What to work on: Once you find the line with "Homens Anti Atrito" in the entries below, print it and each line after it up to and including the line with "très bon état, taille", exactly, without pictures.

Excerpted data:
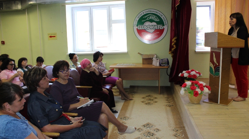 2019 елның 29 маенда Сарман муниципаль районының "Шәфкать" халыкка социаль хезмәт күрсәтү үзәгендә "Татарстан Республикасы Сәламәтлек саклау министрлыгының СПИД һәм йогышлы авыруларны профилактикалау һәм аларга каршы көрәш буенча республика үзәге" Әлмәт филиалы, Газымова А. Р. бүлек мөдире лекция үткәрде.
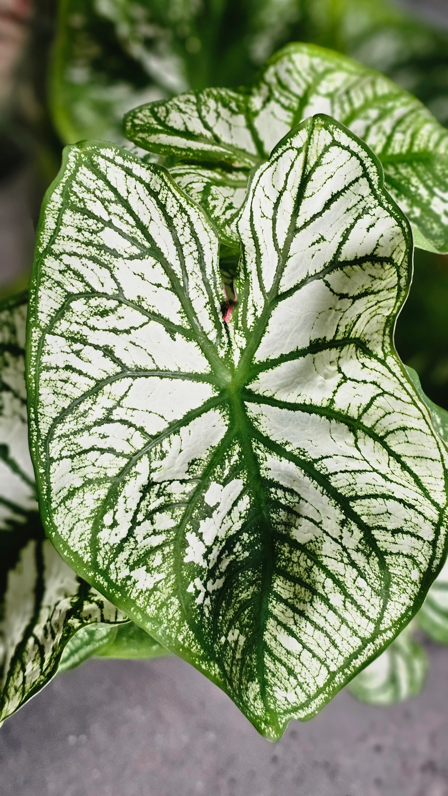 Caladium Branco com Veias Verdes — folhagem ornamental com centro branco e veias verdes que se destacam, criando um efeito luminoso no ambiente. Ideal para salas, varandas e vasos, trazendo toque tropical e elegância à decoração. Fácil de cuidar: luz indireta, solo bem drenado e regas moderadas. Perfeita para quem busca cor marcante com manutenção simples.
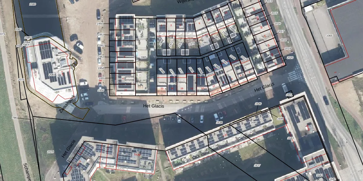 Het perceel waarop Het Glacis 16 staat heeft een oppervlakte van 110 m². Dit is een middelgroot perceel. De perceeloppervlakte wordt geregistreerd door het Kadaster. Gedetailleerde informatie over de maten van dit perceel kunt u vinden in het rapport Kadastrale kaart met maatvoering van Het Glacis 16.
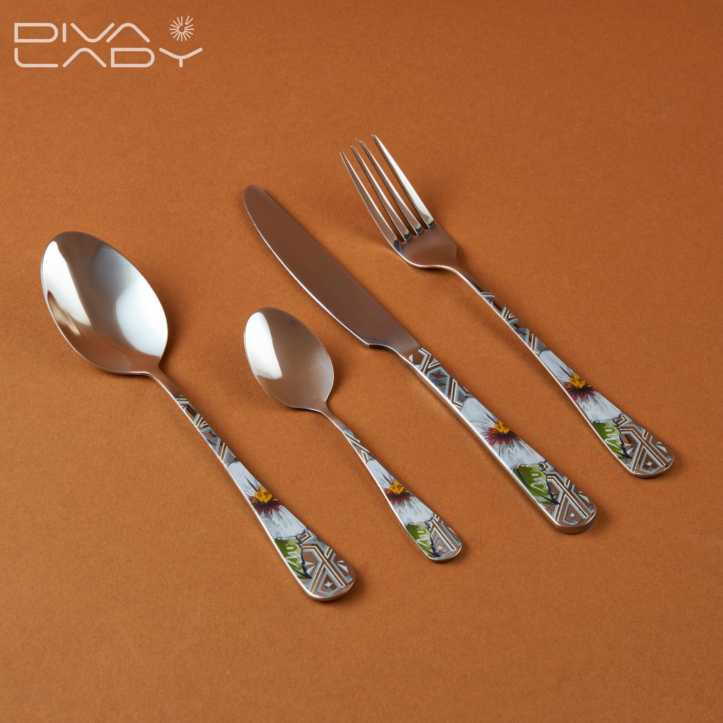 جهّزي طاولة سفرتكِ بكل أناقة باعتماد طقم أدوات المائدة الفاخر هذا يضم 24 قطعة بما في ذلك ملاعق طاولة، ملاعق شاي، شوك وسكاكين
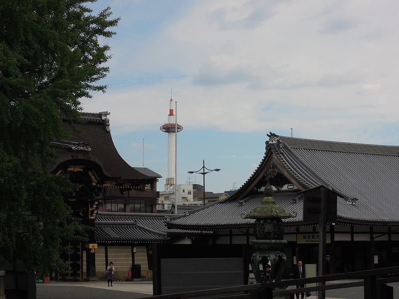 西本願寺は京都駅の近くです。京都タワーが望めます。
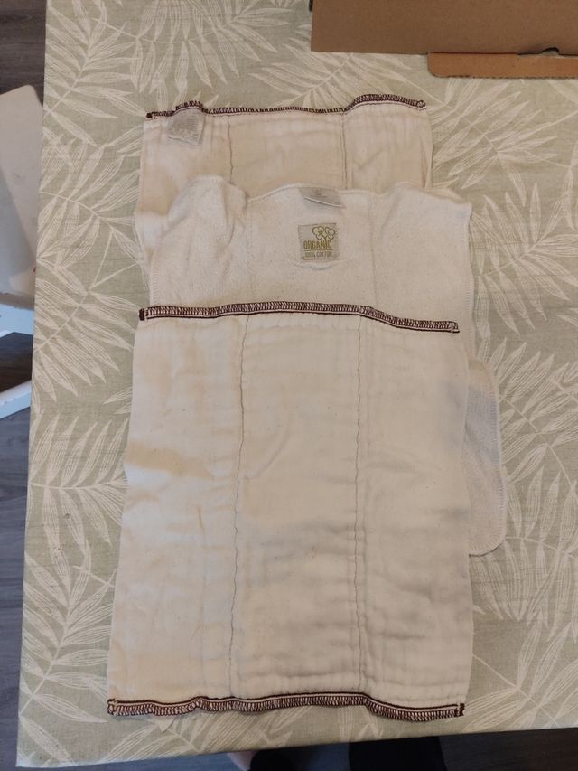 Insertos de algodón predoblados pequeños para pañales de tela. Son los 3 de algodón dos marca avocado y 1 blümchen.
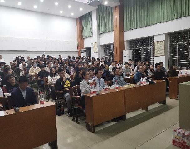 我校williamhill英国动物医学系巨向红、姚秋成、王广旭等教师,及动物医学专业2020、2021及2022级近400名在校学生参加了本次交流活动。巨向红教授向大家详细介绍了我校动物医学专业的发展历史及专业特色,重点强调了“兽医学业/职业规划”的重要性,并对宣讲团的宣讲活动给予了高度评价。交流活动于晚上7点半开始,在湖光校区兴农楼109进行,活动气氛热烈,讲师报告慷慨激昂,学生互动积极踊跃,活动持续了近三个小时。最后,校企双方进一步对学生就业、合作发展等进行了深入交流。
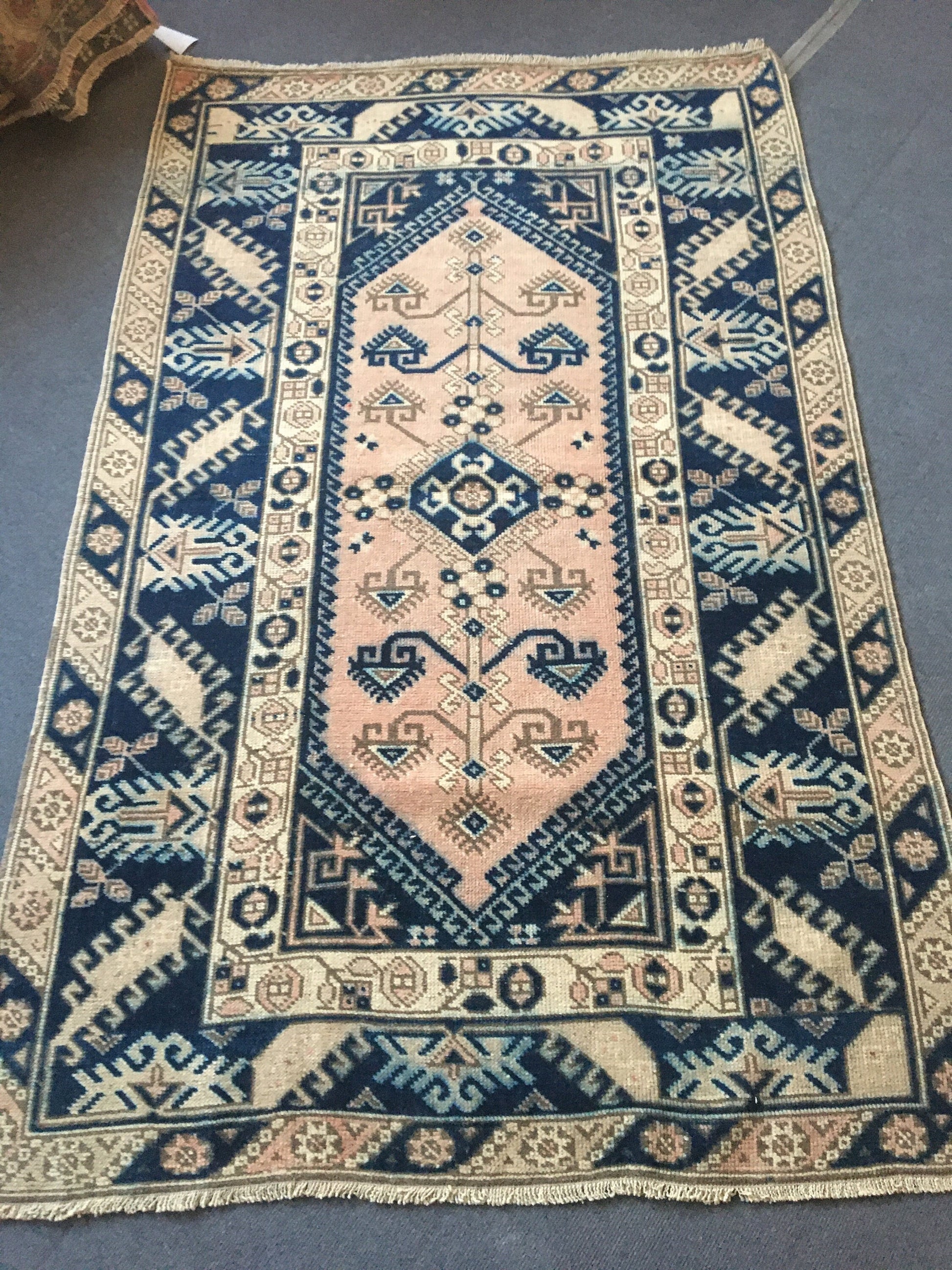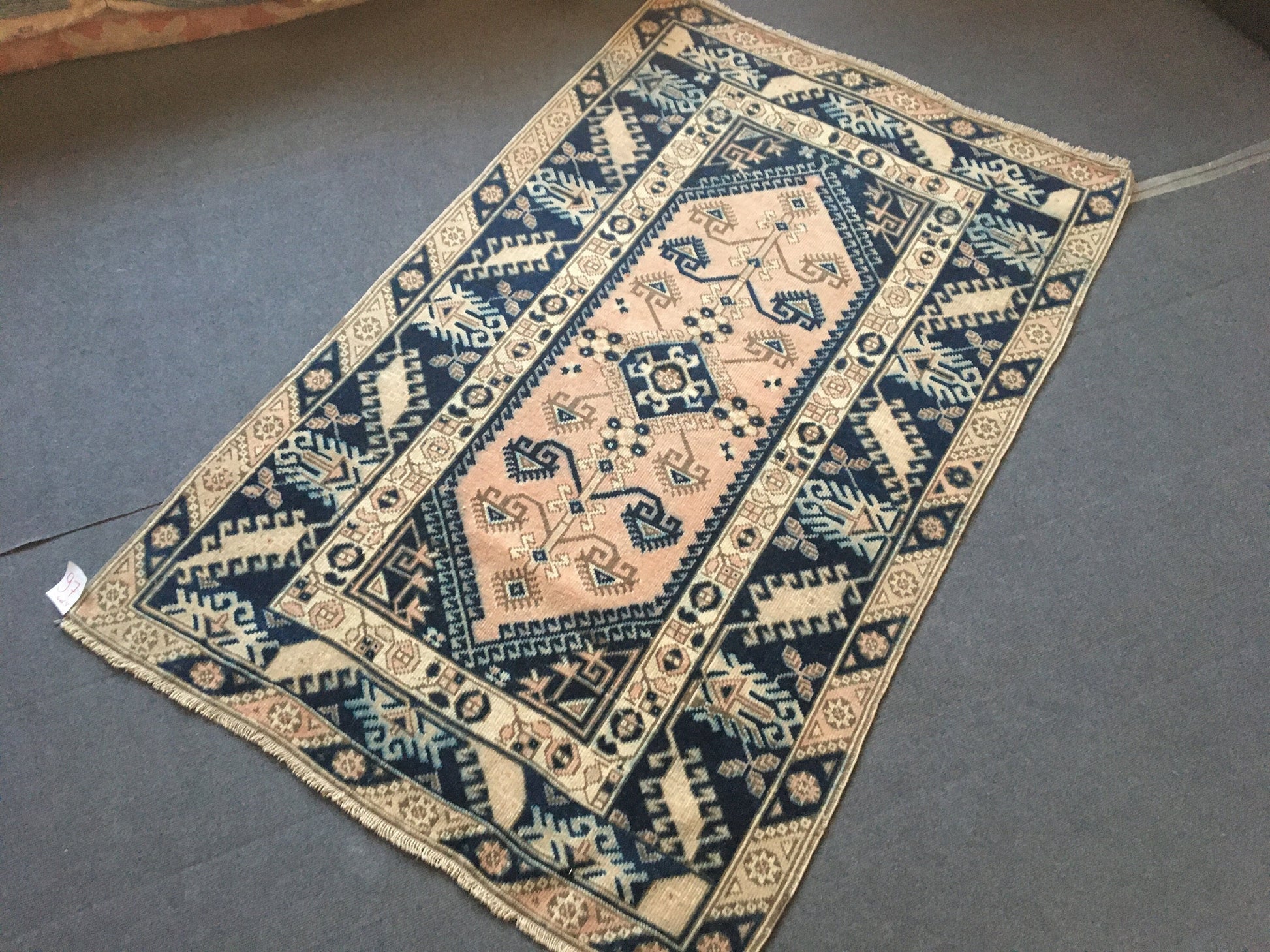 4x6 feet handmade blue turkish rug, vintage muted oushak bedroom rug, large bathroom floor rug, kitchen area wide rug,laundry large wool rug
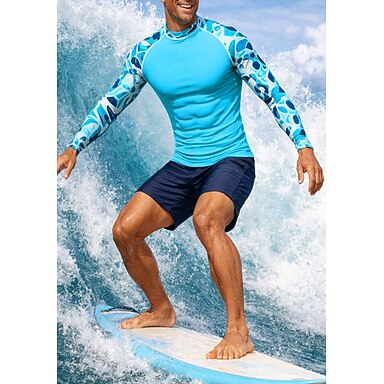 Homens Anti Atrito Camisa de Natação Geométrica Gradiente Abstrato UPF50+ Proteção UV Secagem Rápida Manga Longa Roupa de Banho Anti Atrito Surfe Canoagem Praia Verão
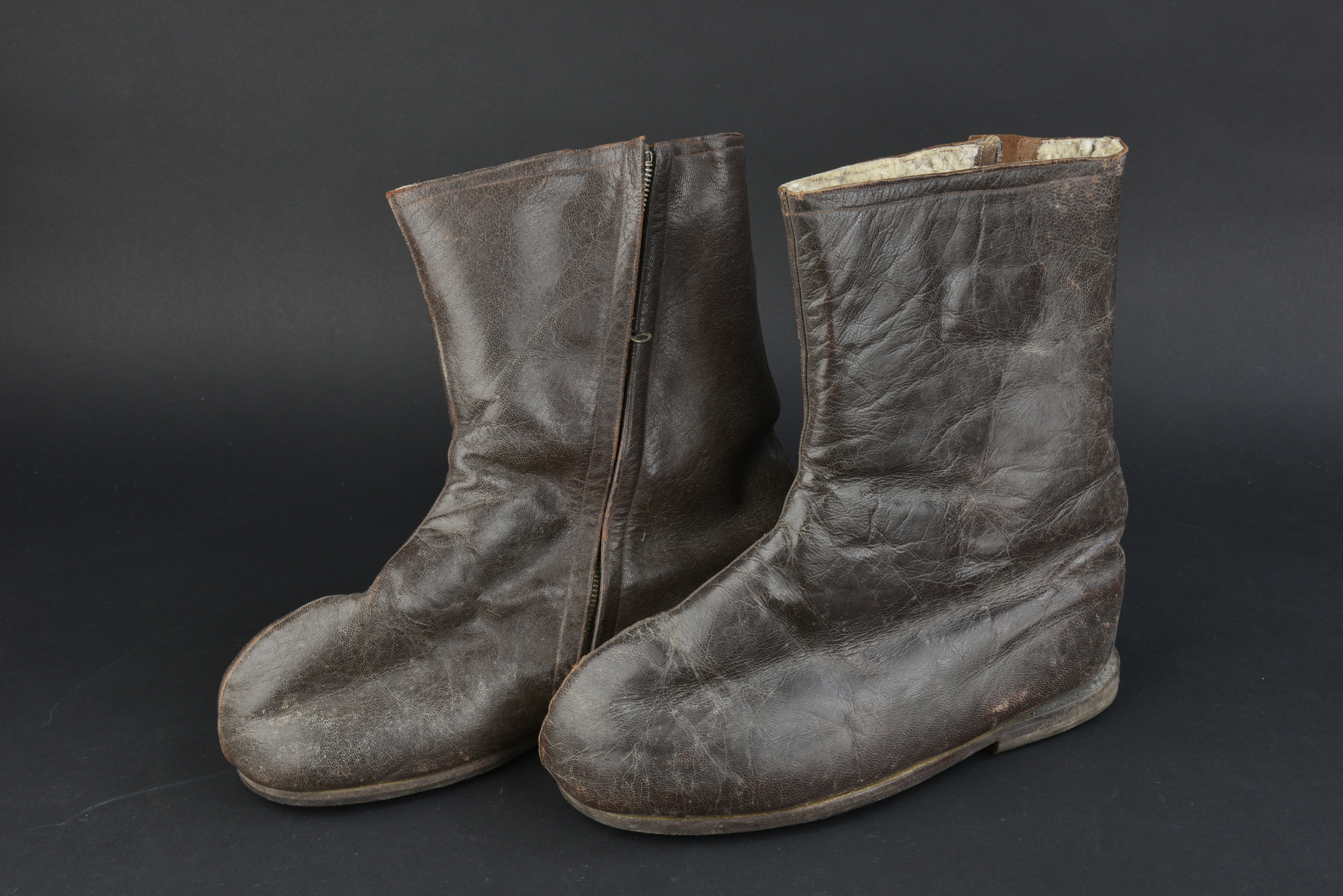 très bon état, taille 44, daté 1940, doublure mouton, fermeture Eclair fonctionnelles, probablement ressemelées.
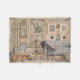 This image features an artwork by Swedish painter Carl Larsson (1853–1919), who was a member of the Arts and Crafts movement. The image shows an elegant domestic scene in a stylish living room; a dog is sleeping calmly on the rug, beside a blue-and-white striped sofa. The original painting was completed in 1894.
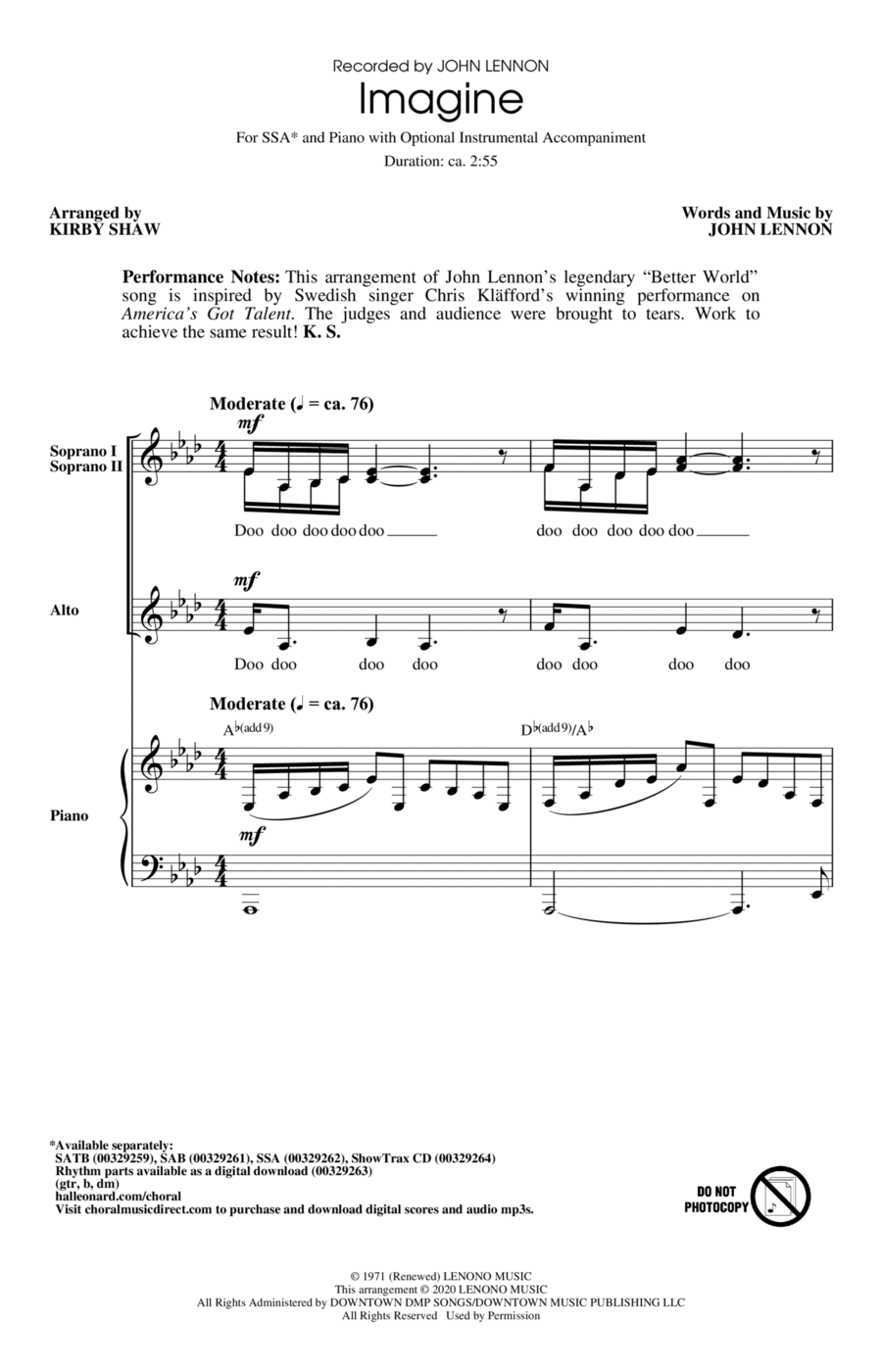 Choir, Voice, SSA, 3-Part - Digital Download By John Lennon. Arranged by Kirby Shaw. This edition: scorch. Pop,Rock,Standards. Octavo. 9 pages. Duration 7375. Hal Leonard - Digital #393120. Published by Hal Leonard - Digital
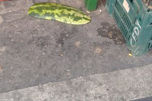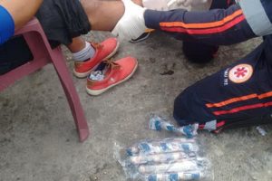 Ele caiu e a moto caiu por cima da perna dele, que ficou sentindo muitas dores no calcanhar e no joelho. O Samu prestou os primeiros socorros, o imobilizou e o levou para o Complexo Hospitalar Patoense, onde ele se encontra internado. “A falta de raciocínio humano gera graves consequências e acidentes também. Olha o que ocasionou essa casca de melancia jogada ao solo. Parecia que o motociclista estava com um pneu sobre uma prancha de surf”, postou a jovem Fernanda Leite nas redes sociais, que presenciou o acidente.

Output for this task:
 Homens Anti Atrito Camisa de Natação Geométrica Gradiente Abstrato UPF50+ Proteção UV Secagem Rápida Manga Longa Roupa de Banho Anti Atrito Surfe Canoagem Praia Verão
 très bon état, taille 44, daté 1940, doublure mouton, fermeture Eclair fonctionnelles, probablement ressemelées.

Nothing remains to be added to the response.